**REQUIRED WORK:** Print exactly what appears from the line containing "A股马年首个交易日(2月24" through the final line of the data below, pictures excluded.

THE DATA Block Start

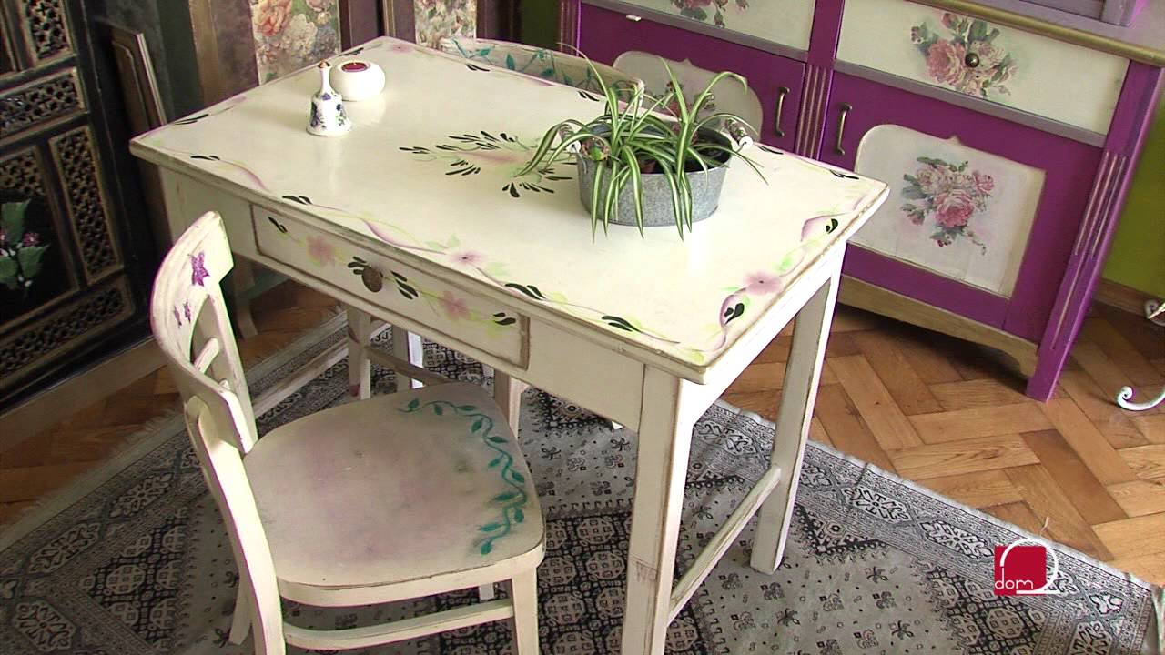 Несложный вариант обработки мебели, для выполнения которого с обрабатываемого участка наждачной бумагой зачищается старое лакокрасочное покрытие. Затем поверхность натирается парафином, а потом из баллончика распыляется краска.
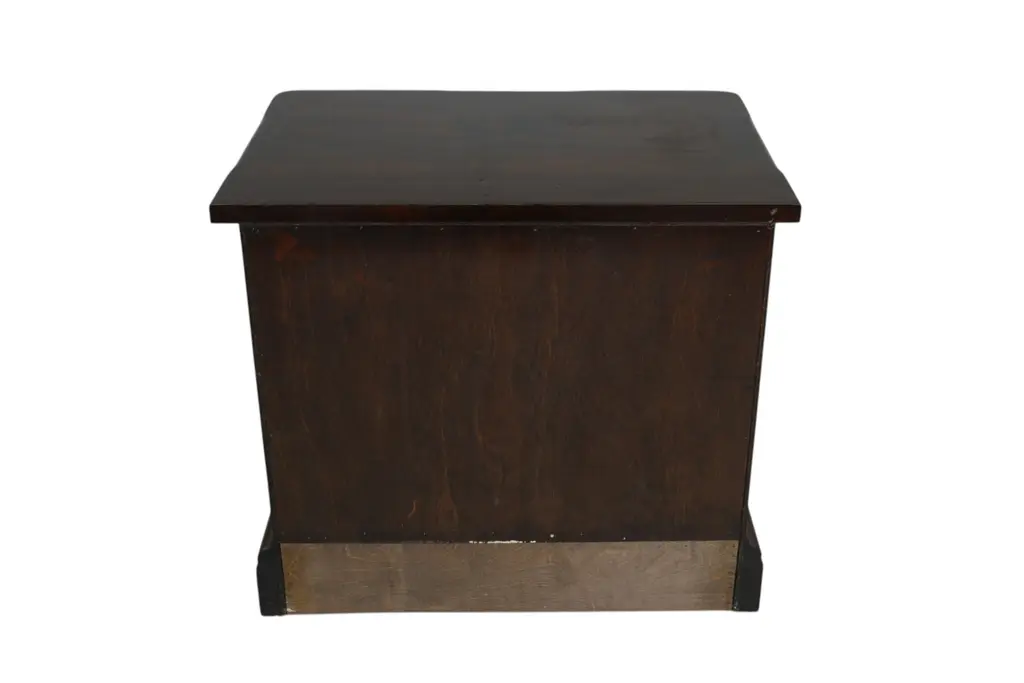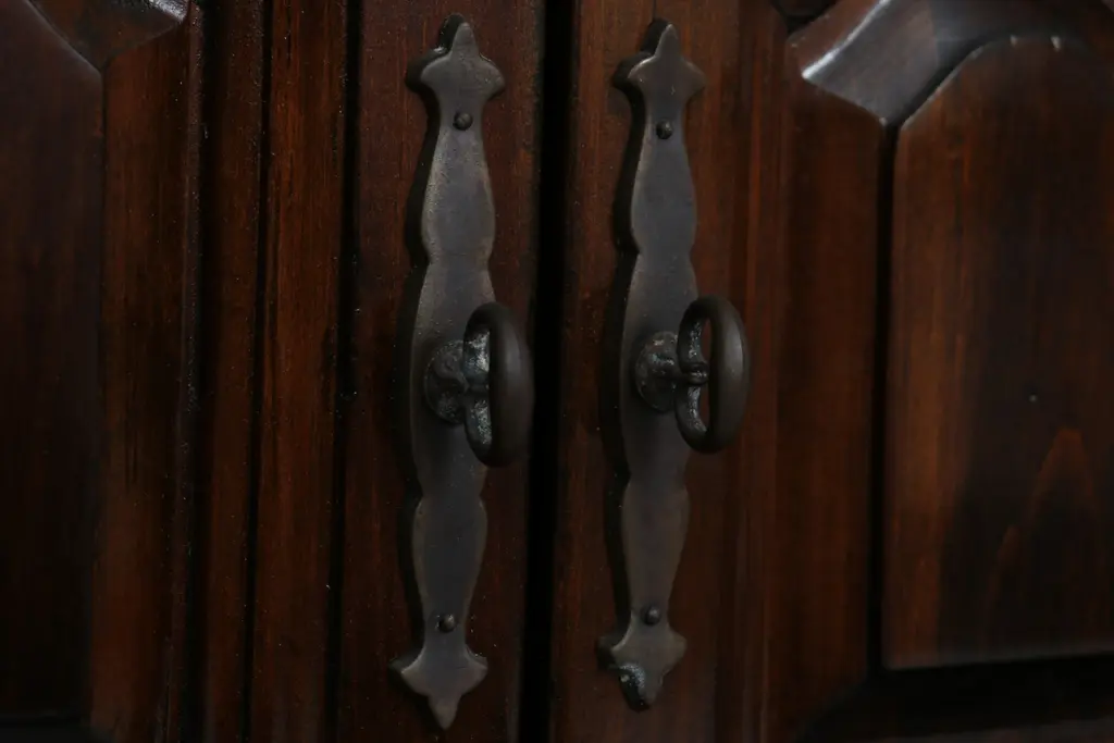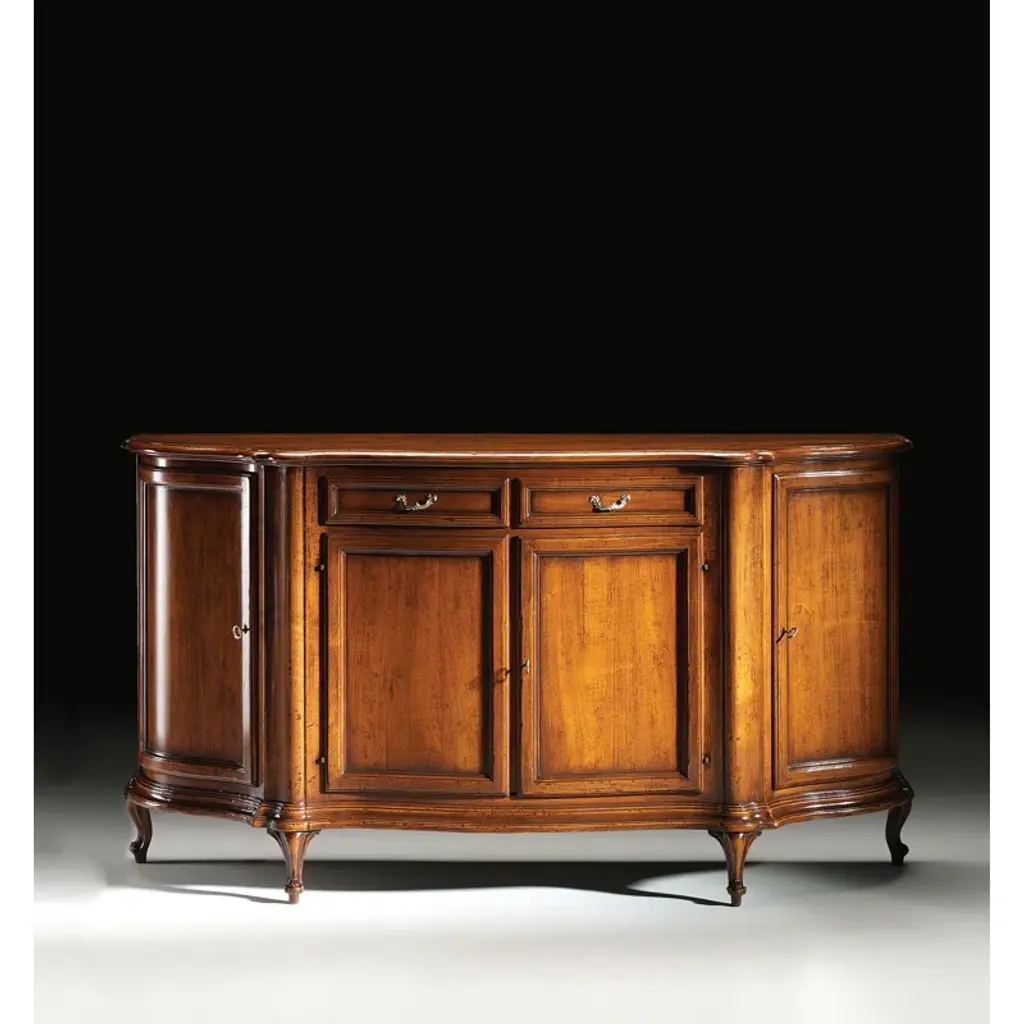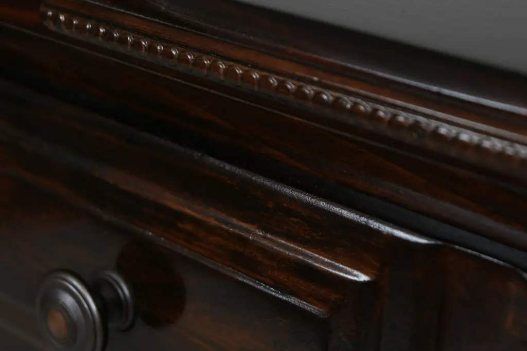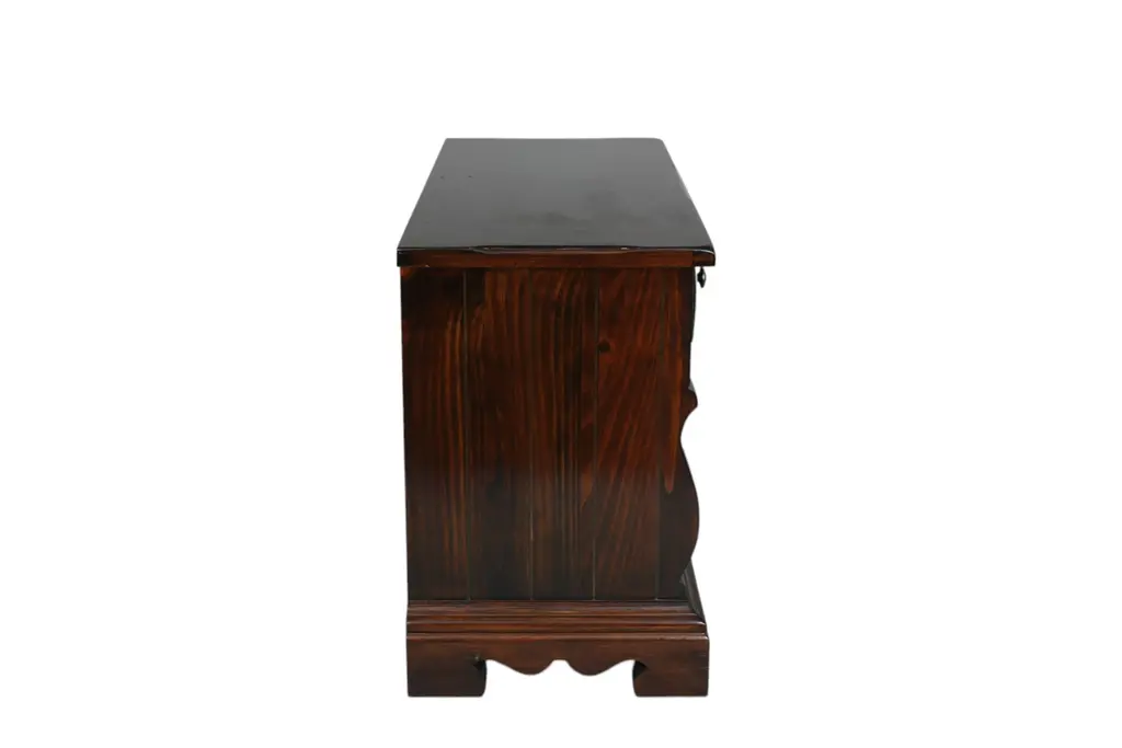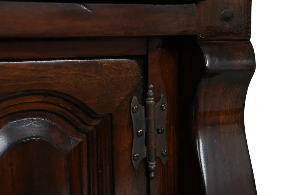 A French Empire style custom made cabinet, hand made by Lion Crest Woodworking of Sarasota, FL. The cabinet top has rounded edges with a decorative beaded section in front. A single drawer has the look of two with round mushroom knob handles at the center of two panels. Below, cabinet doors with arched panels open with ornate metal handles. Finished with a beveled base and ogee bracket feet. The hanging tag reads ���Lion Crest Woodworking, Handmade Sarasota, FL�������.
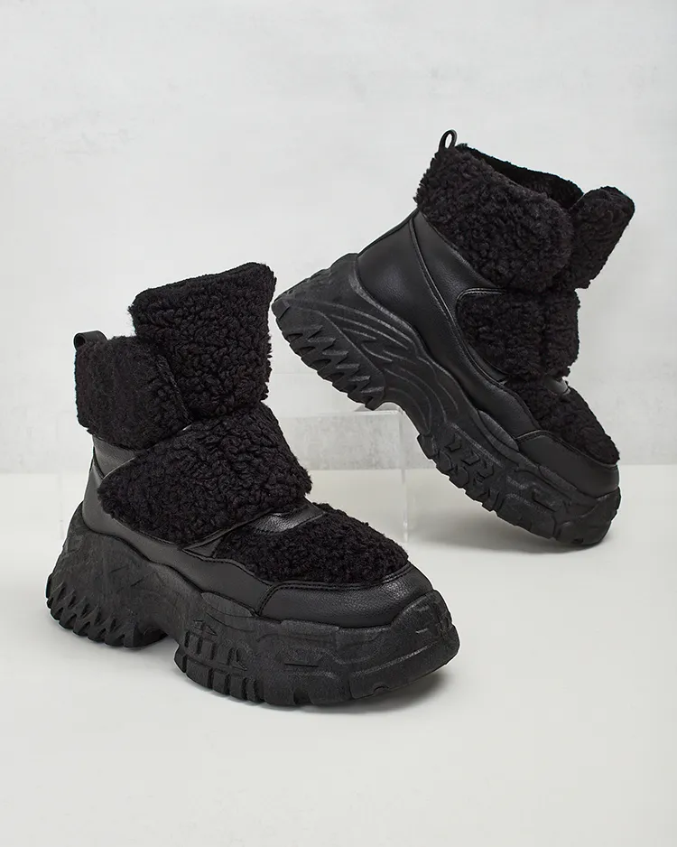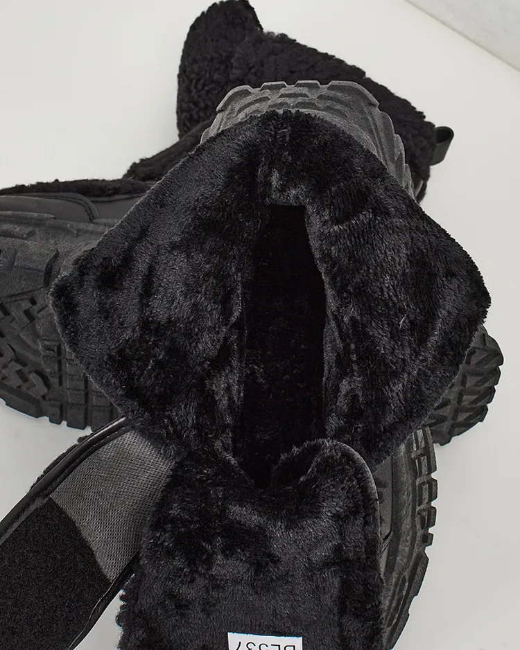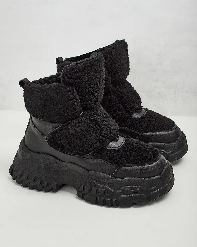 - Cizme de iarnă pentru femei atemporale. Partea superioară este realizată din piele ecologică cu inserții a'la piele de oaie. Izolație sub formă de blană în interior, pantofii au o închidere Velcro. Ideale pentru sezonul rece!
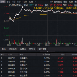 A股马年首个交易日(2月24日),军工板块盘初短线下探后快速回升,而后持续飘红,高人气军工ETF华宝(512810)摸高1.98%,收涨1.16%日线三连阳,全天频现溢价,收盘溢价率仍有0.29%,显示买盘资金活跃。
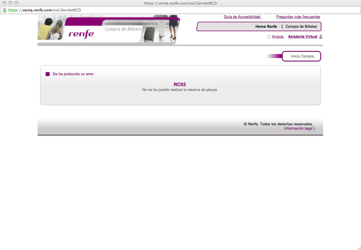 Tras intentar completar el proceso de compra y elegir asiento, recibí un «error RC03: no se ha podido realizar la reserva de plazas» que no me daba pista alguna que me permitiese averiguar si la transacción se había completado o no. Ante el problema, decido llamar al teléfono que se indica en la web como «Información venta internet», el 902 109 420, donde un caballero muy amable me indica que «el error proviene de la aplicación de elegir asientos, que está dando problemas», y me pide que repita la operación sin elegir asiento y aceptando la elección del sistema. Le comento que no, que prefiero elegir asiento, así que le pido que me pase con el servicio de venta telefónica para realizar mi operación a través de ese canal. Tras pasarme con el servicio correspondiente, una señorita me indica que no puede proceder a la reserva, «porque el sistema cierra a las 23:45». A la pregunta de si puedo hacerlo yo a través de internet, la respuesta es que no, que «el sistema está cerrado tanto para ellos como para mí». Ante mi incredulidad de que un servicio web no esté disponible las 24 horas, no obtengo respuesta ni solución alguna, así que me resigno y pienso en repetir la operación a la mañana siguiente, cosa que he hecho sin ningún problema.

THE DATA Block End

**PROBLEM SOLUTION:**
 A股马年首个交易日(2月24日),军工板块盘初短线下探后快速回升,而后持续飘红,高人气军工ETF华宝(512810)摸高1.98%,收涨1.16%日线三连阳,全天频现溢价,收盘溢价率仍有0.29%,显示买盘资金活跃。
 Tras intentar completar el proceso de compra y elegir asiento, recibí un «error RC03: no se ha podido realizar la reserva de plazas» que no me daba pista alguna que me permitiese averiguar si la transacción se había completado o no. Ante el problema, decido llamar al teléfono que se indica en la web como «Información venta internet», el 902 109 420, donde un caballero muy amable me indica que «el error proviene de la aplicación de elegir asientos, que está dando problemas», y me pide que repita la operación sin elegir asiento y aceptando la elección del sistema. Le comento que no, que prefiero elegir asiento, así que le pido que me pase con el servicio de venta telefónica para realizar mi operación a través de ese canal. Tras pasarme con el servicio correspondiente, una señorita me indica que no puede proceder a la reserva, «porque el sistema cierra a las 23:45». A la pregunta de si puedo hacerlo yo a través de internet, la respuesta es que no, que «el sistema está cerrado tanto para ellos como para mí». Ante mi incredulidad de que un servicio web no esté disponible las 24 horas, no obtengo respuesta ni solución alguna, así que me resigno y pienso en repetir la operación a la mañana siguiente, cosa que he hecho sin ningún problema.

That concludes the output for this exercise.